__EXERCISE MATERIALS__.
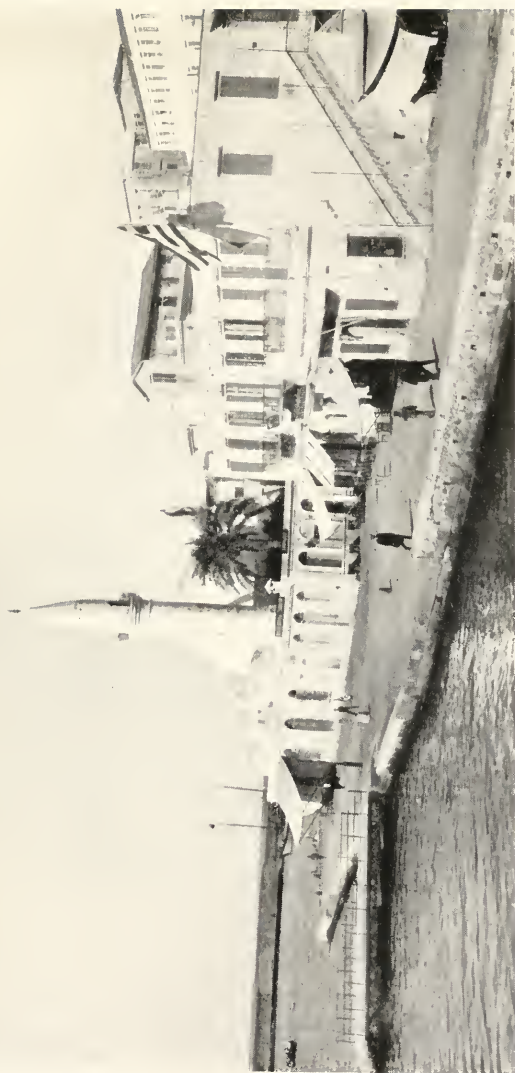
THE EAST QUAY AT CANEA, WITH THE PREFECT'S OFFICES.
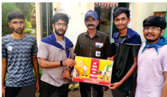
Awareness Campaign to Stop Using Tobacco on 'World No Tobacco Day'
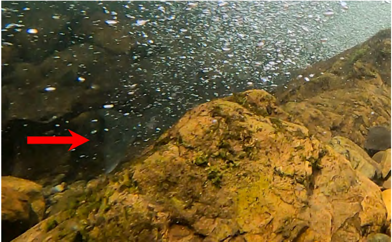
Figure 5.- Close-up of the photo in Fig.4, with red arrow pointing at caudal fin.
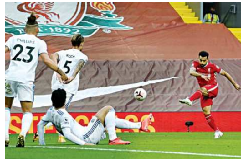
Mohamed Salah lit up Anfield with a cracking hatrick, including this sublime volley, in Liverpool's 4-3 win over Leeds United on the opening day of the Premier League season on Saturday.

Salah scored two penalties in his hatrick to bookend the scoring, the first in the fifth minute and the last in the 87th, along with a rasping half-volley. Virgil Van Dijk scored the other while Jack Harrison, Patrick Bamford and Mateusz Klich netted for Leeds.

__TASK TO COMPLETE__. From the listing above, return every line that carries the string "hatrick".

__EXERCISE SOLUTION__.
Mohamed Salah lit up Anfield with a cracking hatrick, including this sublime volley, in Liverpool's 4-3 win over Leeds United on the opening day of the Premier League season on Saturday.
Salah scored two penalties in his hatrick to bookend the scoring, the first in the fifth minute and the last in the 87th, along with a rasping half-volley. Virgil Van Dijk scored the other while Jack Harrison, Patrick Bamford and Mateusz Klich netted for Leeds.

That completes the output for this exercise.